A Blueridge

It’s days like today I wish I’d started keeping a journal back from like when I was 10 up until yesterday. The ongoing scribbled story of my life. First, I think journaling is cool, and lately for me this Blog space has felt something what I expect writing in a journal feels like, especially since the third week in January when I announced a new post every day, Mondays through Fridays. The last month for sure. Plus, I think journaling is valuable as well as a clear record of people, places, things, times and dates, even what decade I’m trying to remember when something happened.
Like when I bought this Blueridge guitar. Was it the 80’s? the 90’s? the 2000’s? I’ve been trying to puzzle this out this morning as I have recently rescued the Blueridge from where it has sat idly for years behind my mother’s recliner up on the second floor where I will no longer be welcome soon. So the Blueridge has come down to the basement where I mostly live and write Morning Pages and this Blog and plan packing and storing and recycling and donating and throwing away behaviors, the 24-hour clock rushing around and forward and my time here rapidly coming to a close. Oh, I eat and sleep down here too, which barely matters. Anyway, the acoustic’s down here with me these days and since it is within grabbing range every time I go to bed I have this last week been picking it up and slipping the strap over my neck and shoulder and muscle memory remembering chords and playing for five minutes until my non-calloused fingers start yelling at me to go to bed already.
There’s a guy named Eddie Carlino in Medford, Massachusetts who followed his bliss and opened a guitar store a long time ago, which I just Googled and saw was 2003 – an aha for me re: the lost decade thing – since it was at Eddie’s not long after he opened that I first heard about Blueridge acoustic guitars, which was a brand he carried and encouraged me to buy and which, as the photo proves, I did. But I did not buy one of the many Eddie had hanging on his wall. No, it was on one of my vacations to California and visiting/staying with my best friend Bob Zimmerman and me alone strolling down Telegraph Ave in Berkeley and coming upon a second-floor guitar shop in this open-air grouping of shops and I went in one afternoon and there was this used Blueridge, which I believe was on sale for $275 and, taking Eddie’s advice because I liked and respected Eddie and hung around his store a bunch and even once bought a small cheap amp, I bought the Blueridge and walked back up Telegraph and over under the Sather Gate which is the entry from that direction onto the campus off UC Berkeley and went over and sat on a stone wall and began playing my new guitar – my first public performance ever, Yippee, and no one gave me money and no one told me to screw and pretty much no one paid me a lick of attention.

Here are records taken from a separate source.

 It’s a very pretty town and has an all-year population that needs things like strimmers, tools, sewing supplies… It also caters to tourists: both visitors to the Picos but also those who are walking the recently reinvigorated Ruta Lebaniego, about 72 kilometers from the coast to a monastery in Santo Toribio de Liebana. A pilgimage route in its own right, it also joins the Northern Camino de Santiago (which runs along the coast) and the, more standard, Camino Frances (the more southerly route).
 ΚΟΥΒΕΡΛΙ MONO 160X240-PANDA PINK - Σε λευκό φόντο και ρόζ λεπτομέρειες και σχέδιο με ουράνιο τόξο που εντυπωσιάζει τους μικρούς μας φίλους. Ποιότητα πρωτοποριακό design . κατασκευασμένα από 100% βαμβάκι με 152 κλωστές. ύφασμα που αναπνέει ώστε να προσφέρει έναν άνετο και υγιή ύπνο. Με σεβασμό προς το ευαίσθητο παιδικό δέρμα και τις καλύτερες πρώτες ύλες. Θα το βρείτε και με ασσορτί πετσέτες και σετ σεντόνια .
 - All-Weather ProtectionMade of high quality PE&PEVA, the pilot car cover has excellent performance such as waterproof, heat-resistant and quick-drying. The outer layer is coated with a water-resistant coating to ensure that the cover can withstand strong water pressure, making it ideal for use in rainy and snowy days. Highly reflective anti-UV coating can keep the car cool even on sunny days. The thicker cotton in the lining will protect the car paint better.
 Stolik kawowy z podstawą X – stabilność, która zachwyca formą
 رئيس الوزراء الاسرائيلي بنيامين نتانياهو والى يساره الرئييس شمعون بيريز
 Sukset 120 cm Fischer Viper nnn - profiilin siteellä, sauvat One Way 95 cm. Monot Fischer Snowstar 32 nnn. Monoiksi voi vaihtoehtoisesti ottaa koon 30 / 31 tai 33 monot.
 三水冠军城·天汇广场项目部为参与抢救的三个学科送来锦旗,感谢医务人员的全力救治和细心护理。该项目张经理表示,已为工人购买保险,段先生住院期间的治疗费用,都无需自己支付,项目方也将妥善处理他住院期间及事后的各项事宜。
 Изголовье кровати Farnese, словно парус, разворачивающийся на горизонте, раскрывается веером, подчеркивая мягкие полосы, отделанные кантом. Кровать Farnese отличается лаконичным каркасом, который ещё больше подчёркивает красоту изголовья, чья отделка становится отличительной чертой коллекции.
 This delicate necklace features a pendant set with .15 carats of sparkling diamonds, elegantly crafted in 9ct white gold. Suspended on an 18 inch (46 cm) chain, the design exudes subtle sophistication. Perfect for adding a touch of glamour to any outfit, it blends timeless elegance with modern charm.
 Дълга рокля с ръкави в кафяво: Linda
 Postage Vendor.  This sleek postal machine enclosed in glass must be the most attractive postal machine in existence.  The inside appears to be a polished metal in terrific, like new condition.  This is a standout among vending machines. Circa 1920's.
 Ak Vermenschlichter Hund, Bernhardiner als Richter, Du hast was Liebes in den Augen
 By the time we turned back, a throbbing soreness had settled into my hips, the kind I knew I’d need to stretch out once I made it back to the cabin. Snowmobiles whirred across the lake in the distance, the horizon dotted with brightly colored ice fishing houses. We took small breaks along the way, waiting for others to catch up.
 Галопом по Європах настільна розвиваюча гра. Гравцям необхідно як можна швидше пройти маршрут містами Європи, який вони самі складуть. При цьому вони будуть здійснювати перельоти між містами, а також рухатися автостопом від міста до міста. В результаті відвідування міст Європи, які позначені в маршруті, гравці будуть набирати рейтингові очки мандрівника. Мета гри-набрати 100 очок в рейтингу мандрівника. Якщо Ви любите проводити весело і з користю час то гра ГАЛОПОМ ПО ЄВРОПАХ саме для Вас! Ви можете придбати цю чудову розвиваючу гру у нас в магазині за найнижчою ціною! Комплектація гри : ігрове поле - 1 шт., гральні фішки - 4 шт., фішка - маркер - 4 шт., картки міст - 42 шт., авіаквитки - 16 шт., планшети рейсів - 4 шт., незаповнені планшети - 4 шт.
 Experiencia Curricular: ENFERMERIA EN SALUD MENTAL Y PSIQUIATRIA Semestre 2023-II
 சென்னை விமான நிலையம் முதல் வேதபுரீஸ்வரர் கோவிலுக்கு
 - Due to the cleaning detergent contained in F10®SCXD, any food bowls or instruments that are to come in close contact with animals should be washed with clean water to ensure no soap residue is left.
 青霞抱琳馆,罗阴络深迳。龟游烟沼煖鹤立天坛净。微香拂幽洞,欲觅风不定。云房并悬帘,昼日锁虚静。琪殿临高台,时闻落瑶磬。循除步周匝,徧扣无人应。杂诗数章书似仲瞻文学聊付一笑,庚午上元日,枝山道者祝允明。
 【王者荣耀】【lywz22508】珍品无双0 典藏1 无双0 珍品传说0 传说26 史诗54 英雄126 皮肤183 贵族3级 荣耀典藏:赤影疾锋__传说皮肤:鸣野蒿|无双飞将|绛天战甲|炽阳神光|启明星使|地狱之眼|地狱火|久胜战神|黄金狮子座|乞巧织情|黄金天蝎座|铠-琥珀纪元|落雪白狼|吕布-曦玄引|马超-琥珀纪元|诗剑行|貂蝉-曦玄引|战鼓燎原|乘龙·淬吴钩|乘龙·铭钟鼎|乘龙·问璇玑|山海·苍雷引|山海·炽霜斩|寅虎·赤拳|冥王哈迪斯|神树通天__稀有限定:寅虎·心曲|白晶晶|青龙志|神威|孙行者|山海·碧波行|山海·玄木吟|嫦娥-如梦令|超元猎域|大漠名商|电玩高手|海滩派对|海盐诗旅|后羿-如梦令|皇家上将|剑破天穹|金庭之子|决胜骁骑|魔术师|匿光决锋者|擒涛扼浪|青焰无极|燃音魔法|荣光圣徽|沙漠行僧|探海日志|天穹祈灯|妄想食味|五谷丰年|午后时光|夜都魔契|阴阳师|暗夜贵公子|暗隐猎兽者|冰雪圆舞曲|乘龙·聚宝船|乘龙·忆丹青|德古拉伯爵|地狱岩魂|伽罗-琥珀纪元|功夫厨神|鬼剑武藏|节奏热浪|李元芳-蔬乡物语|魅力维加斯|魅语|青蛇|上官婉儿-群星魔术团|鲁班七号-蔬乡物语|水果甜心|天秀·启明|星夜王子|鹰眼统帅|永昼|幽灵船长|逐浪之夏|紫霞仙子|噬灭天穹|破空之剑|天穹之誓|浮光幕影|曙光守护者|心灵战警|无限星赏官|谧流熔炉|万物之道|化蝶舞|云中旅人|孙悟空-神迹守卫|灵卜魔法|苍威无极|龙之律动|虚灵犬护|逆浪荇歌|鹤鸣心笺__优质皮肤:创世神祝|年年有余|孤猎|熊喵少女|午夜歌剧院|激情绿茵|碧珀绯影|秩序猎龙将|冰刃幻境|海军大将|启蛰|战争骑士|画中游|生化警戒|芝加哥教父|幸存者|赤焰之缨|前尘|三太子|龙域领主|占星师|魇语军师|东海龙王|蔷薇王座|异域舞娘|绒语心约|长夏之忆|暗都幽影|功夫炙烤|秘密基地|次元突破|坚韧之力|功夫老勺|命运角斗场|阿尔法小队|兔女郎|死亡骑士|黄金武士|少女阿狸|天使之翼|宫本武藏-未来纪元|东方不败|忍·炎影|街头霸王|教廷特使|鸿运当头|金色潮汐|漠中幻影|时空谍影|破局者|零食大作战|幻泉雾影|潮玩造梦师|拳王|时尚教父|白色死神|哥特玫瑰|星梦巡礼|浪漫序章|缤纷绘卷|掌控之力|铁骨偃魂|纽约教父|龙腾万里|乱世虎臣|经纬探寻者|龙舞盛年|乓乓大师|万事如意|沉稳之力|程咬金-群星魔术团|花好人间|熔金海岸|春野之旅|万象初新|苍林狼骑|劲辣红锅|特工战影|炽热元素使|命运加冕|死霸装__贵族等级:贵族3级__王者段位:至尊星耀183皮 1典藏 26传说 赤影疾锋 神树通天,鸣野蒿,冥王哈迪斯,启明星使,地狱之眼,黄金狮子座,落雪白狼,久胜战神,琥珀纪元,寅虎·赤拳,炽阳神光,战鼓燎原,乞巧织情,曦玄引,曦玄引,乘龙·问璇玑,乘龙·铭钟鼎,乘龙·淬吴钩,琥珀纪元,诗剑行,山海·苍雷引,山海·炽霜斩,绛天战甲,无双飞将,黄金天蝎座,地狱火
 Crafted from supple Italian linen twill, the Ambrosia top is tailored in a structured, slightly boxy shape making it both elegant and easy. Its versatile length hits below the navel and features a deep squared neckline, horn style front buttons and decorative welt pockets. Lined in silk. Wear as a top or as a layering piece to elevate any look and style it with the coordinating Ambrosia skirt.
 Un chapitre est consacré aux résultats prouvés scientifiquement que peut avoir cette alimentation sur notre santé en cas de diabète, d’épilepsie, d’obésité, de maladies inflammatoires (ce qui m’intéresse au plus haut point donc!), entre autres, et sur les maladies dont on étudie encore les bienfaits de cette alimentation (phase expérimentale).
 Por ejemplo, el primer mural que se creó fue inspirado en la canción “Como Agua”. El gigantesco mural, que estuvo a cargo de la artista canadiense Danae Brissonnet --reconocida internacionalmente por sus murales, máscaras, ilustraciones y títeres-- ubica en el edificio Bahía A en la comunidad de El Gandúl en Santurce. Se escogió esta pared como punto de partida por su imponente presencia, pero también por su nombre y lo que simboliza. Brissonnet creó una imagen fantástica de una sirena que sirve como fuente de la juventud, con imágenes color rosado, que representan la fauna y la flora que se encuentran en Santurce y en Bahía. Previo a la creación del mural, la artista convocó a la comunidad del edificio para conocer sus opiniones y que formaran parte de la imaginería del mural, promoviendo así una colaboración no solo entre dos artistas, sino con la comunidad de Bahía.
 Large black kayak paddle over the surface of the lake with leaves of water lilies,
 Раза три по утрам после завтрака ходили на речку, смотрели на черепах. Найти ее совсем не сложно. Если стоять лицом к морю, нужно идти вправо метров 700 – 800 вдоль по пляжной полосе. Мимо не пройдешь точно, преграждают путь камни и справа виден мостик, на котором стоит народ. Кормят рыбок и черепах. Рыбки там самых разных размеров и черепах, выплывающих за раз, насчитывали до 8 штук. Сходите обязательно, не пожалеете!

But, still, how cool to first audition not 100 yards from where Mario Savio told the Berkeley kids and students to clog up the machine of big everything (’55 ?).
After a while, since I did then have calloused fingers and could play an hour or so, I walked the guitar back to Bob’s in El Cerrito (I took the BART) and a few days later just before flying back to Massachusetts I brought the guitar back to Blue Note Music on Telegraph and had them ship it to me in Medford – which they safely did.
This morning the Blueridge has served as my journal, accurately reminding me of times in my life, and it’s down here in the basement with me because this is simply another time in my life – more selling than buying – and in fact I pretty much am journaling the fading of my marriage and my kid being safely tucked away in a new and loving home and me soon enough going to hit the highway (once again) and all I’m bringing with me will be what fits in the Camry. And I may have sold all the electrics and amps, but the Blueridge is here in the basement, the strings breathing life, just a little, again. And there will be a place in my car for it, out there somewhere on the 5.
Hopefully I’ll journal that journey too.